Learning about failure at AWS re:Invent

Daniel Smythe 1st December 2017
AWS re:invent failure

So this week I have had the pleasure of attending AWS re:Invent in the crazy Las Vegas. As it’s been my first time at re:Invent, and Vegas for that matter, there’s been a lot to take in. However one common theme I noticed from attending the various talks is how openly and frequently failure is discussed.

Failure is good – fail fast, fail often!

Now I know what you may be thinking…

“How can one of the biggest tech events of the year be about failure?”

“Is he still drunk when writing this?”

Let me explain; as I have previously stated in articles about agility and technology, innovation is all about failure and learning from failure. This is what all successful businesses have done and what I truly believe re:Invent this year is all about. I’ll try illustrate my point through a few examples below.

 

Example 1: Snapchat and its user stories

 

Snapchat did a session which illustrated how they moved to DynamoDB for their inbox stories. Snapchat had initially moved to Dynamo for 3 reasons; cost, performance and improved latency. The failure came after their test when they achieved NONE of these improvements, but they didn’t find this to be a problem and this actually helped them in the end.

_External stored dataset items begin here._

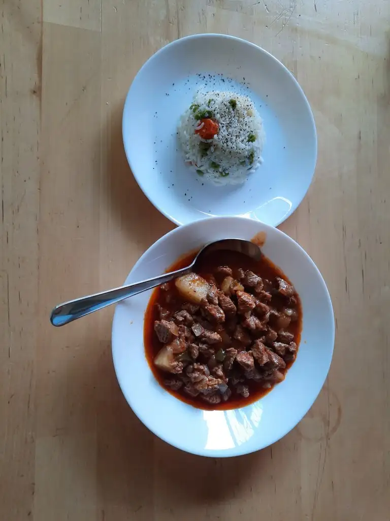 Akşam 2.5 yemek kaşığı Antep tava 2.5 yemek kaşığı pirinç pilavı
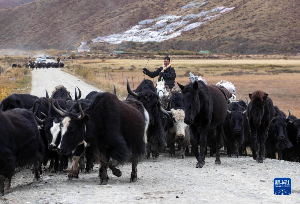 10月17日,四川省紅原縣阿木鄉(xiāng)卡口村藏牧民向巴(左)在冬季轉(zhuǎn)場(chǎng)的路上驅(qū)趕牦牛。新華社記者 江宏景 攝
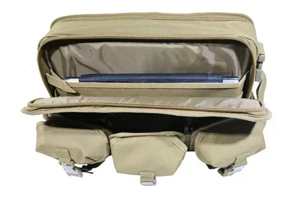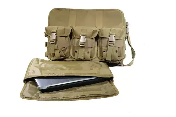 Тактическая сумка-мессенджер для ноутбука обеспечивает прочную конструкцию в сочетании с повседневной функциональностью. Внешняя сторона сумки оснащена тремя передними карманами с застежками, идеально подходящими для хранения инструментов, кабелей и аксессуаров. Внутреннее отделение для ноутбука с мягкой подкладкой обеспечивает надежное хранение ноутбука во время путешествий или работы в тактической обстановке.
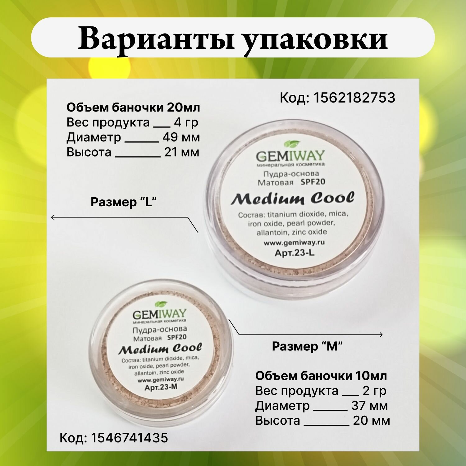 Купить Пудра-основа Матовая минеральная "Medium Cool" GEMIWAY 20мл / 4 г . Рассыпчатая натуральная пудра для лица
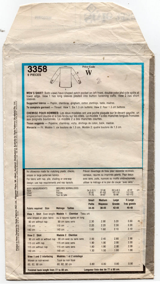 Patrón de costura para camisa clásica de hombre estilo 3358, años 80, talla mediana, pecho 38-40 pulgadas
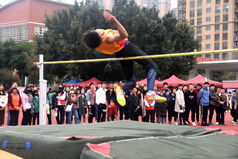12月13日上午,在操场上举行的学生男子甲组跳高比赛中,来自海洋与食品学院16级海洋技术的王煜超同学再次夺下冠军。
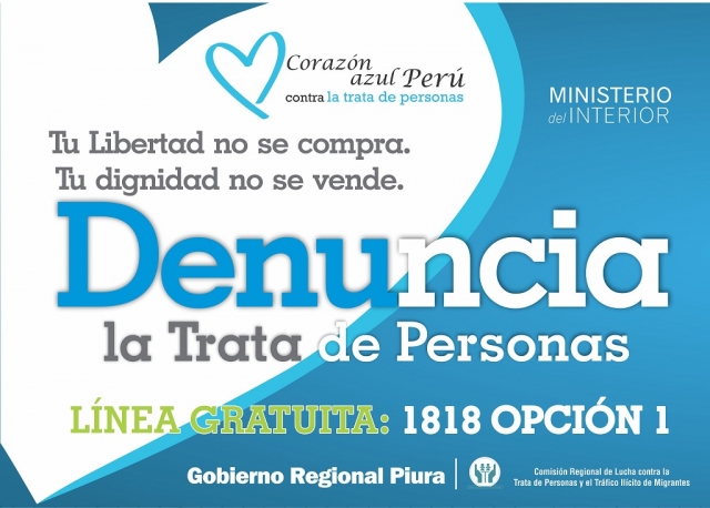 ERP. La trata de personas, es un problema social que es inconcebible en estos tiempos y requiere el apoyo de todos y todas para erradicarla. En tal sentido, la población de la región Piura, estará participando en la campaña internacional “Corazón Azul”, que se desarrollará el día miércoles 8 de agosto a las 3:00 p.m. en el frontis de la Municipalidad Provincial de Piura.
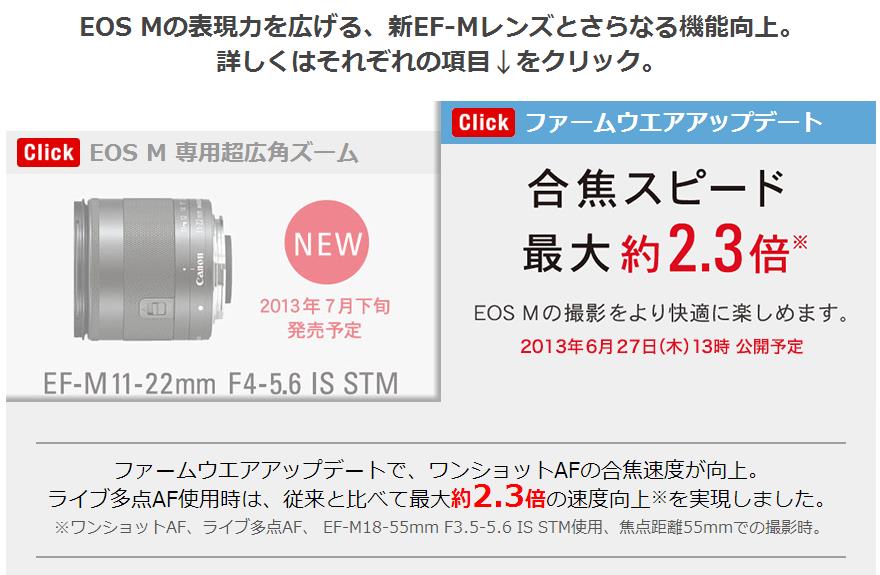 Canon Japan announced the new Canon EOS M firmware update will be available for download on June 27, 2013.

They investigated and realised they needed to refactor their application to achieve their benefits, and when they did this they achieved large cost savings – happy days! But the key thing this failure gave them is through the power of Dynamo they got access to more data, investigated their application even further, and found unique random inefficient legacy behaviour of their code specifically regarding their retirement and deletion of stories which has been refactored since.

Innovation came off the back of this failure, as Snapchat was able to move away from their old database engine and use Dynamo to scale to meet their peak traffic over the New Year’s Eve period, where people tend to go crazy snapping their friends and family.

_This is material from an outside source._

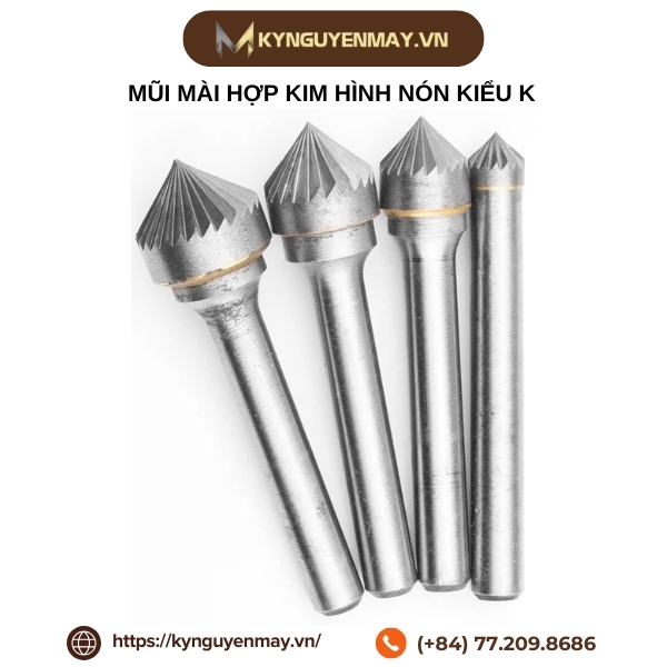 Sở hữu khả năng mài nhẵn hiệu quả và tuổi thọ cao, mũi mài hợp kim hình nón kiểu K giúp nâng cao chất lượng bề mặt chi tiết và giảm thời gian gia công đáng kể. Nếu bạn đang tìm kiếm sản phẩm mũi mài chất lượng, hãy liên hệ Kỷ Nguyên Máy qua hotline: 077.209.8686 để được tư vấn chuyên sâu.
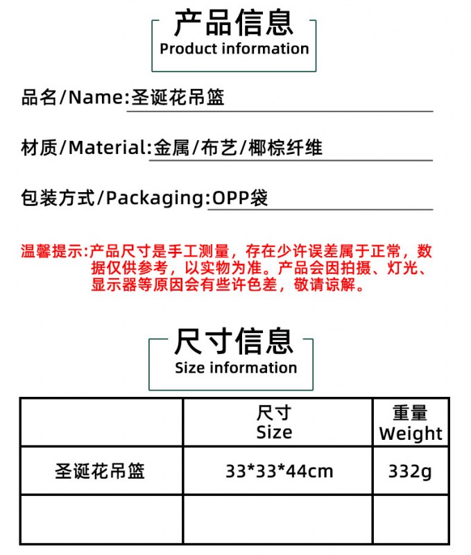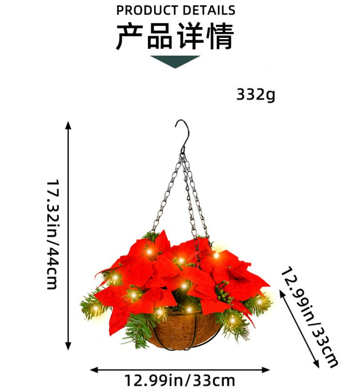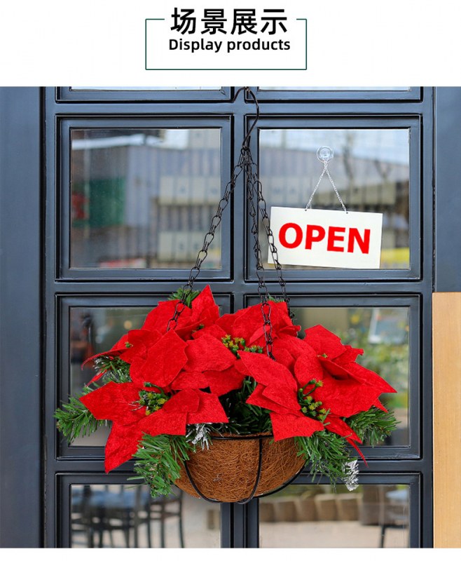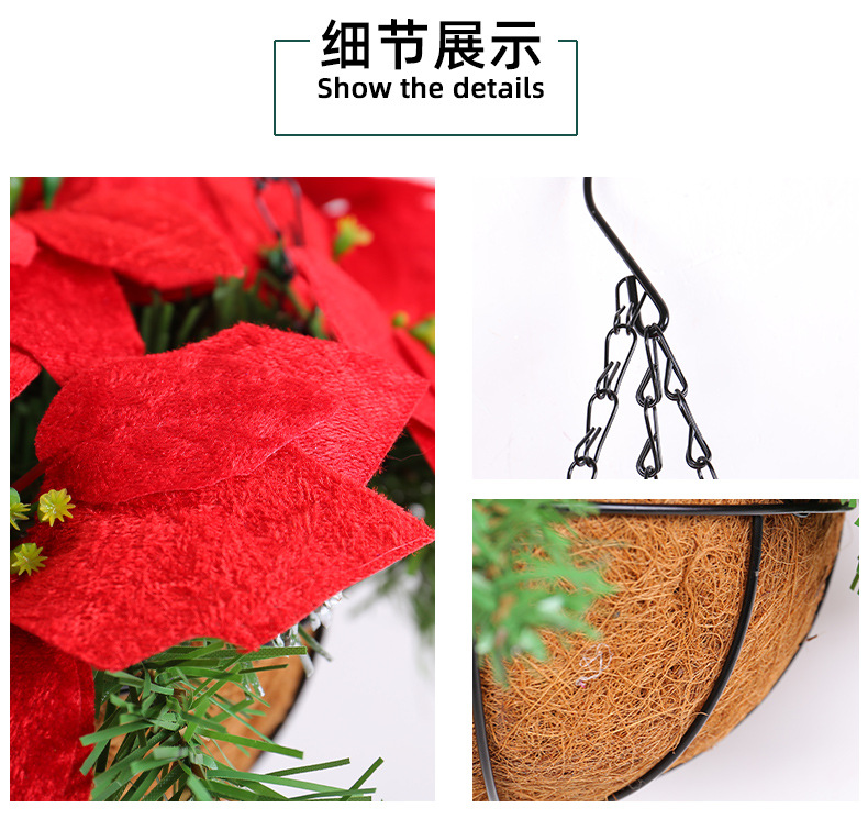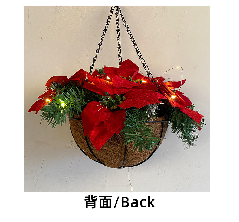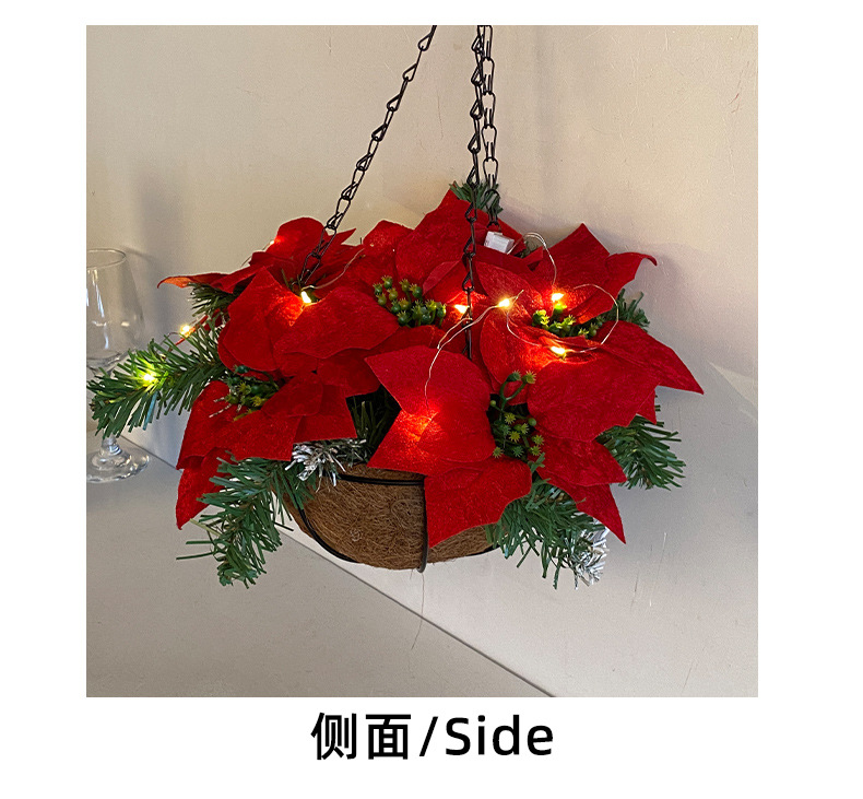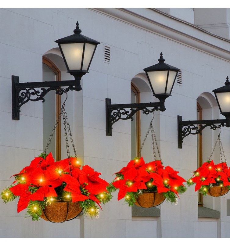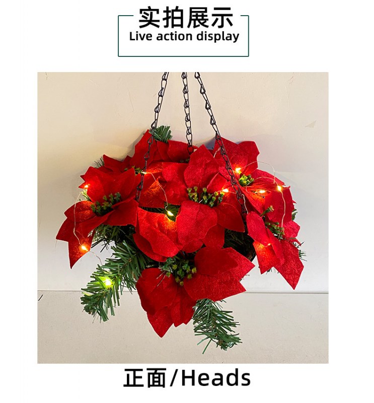 • 赤いクリスマスフラワーハンギングバスケットショッピングモールシミュレーションフラワー壁掛けドアハンギングクリスマス街路灯の装飾

It’s amazing what failure can achieve.

Watch this talk in full here.

 

Example 2: AWS ASAP Governance framework

 

Amazon led a breakout session on how Amazon.com itself uses AWS Management Tools. This looked at how Amazon.com went from one shared account to 10,000 AWS accounts, which in itself was a story of repeated failure and learning/evolving with that failure.

This process for Amazon.com spawned the creation of the ASAP (their in-house) Governance application which helped them solve some of the challenges of managing 10,000 accounts across their business. I will definitely refer to this talk in the future, as their “guardrail over gate approach” was a breath of fresh air. If enterprises truly want to innovate they need to support their teams and allow them to make failures – putting up guardrails to help them from making mistakes instead of gates to stop them which ultimately will slow down innovation. Ultimately if Amazon.com can do it at this scale, why can’t other big enterprises?

 

Example 3: AWS Prime Day

 

There was a statement in the session ‘How DynamoDB powered Amazon Prime Day 2017’ which really resonated with me and encapsulates the theme of this blog. The statement was,

“fixing to one compute resource is designing for failure”

The speaker gave few examples but basically the tl:dr on this is no matter how big they built their relational database and server, Amazon.com would break it – it’s just not possible to scale to meet demand when you have 600 million different items for sale with 7000 attributes each and 12.9 billion rps to database on one day. You have to design in scalability and fail to be successful.

Watch this talk in full here.

 

These are only 3 quick examples, but they highlight how big tech companies such as Amazon.com and Snapchat have learnt from failure and are in fact encouraging other companies to go through this process.

Fail often, learn from it, innovate, and go make it happen.

Have a great day people and fail well.

Thanks

Daniel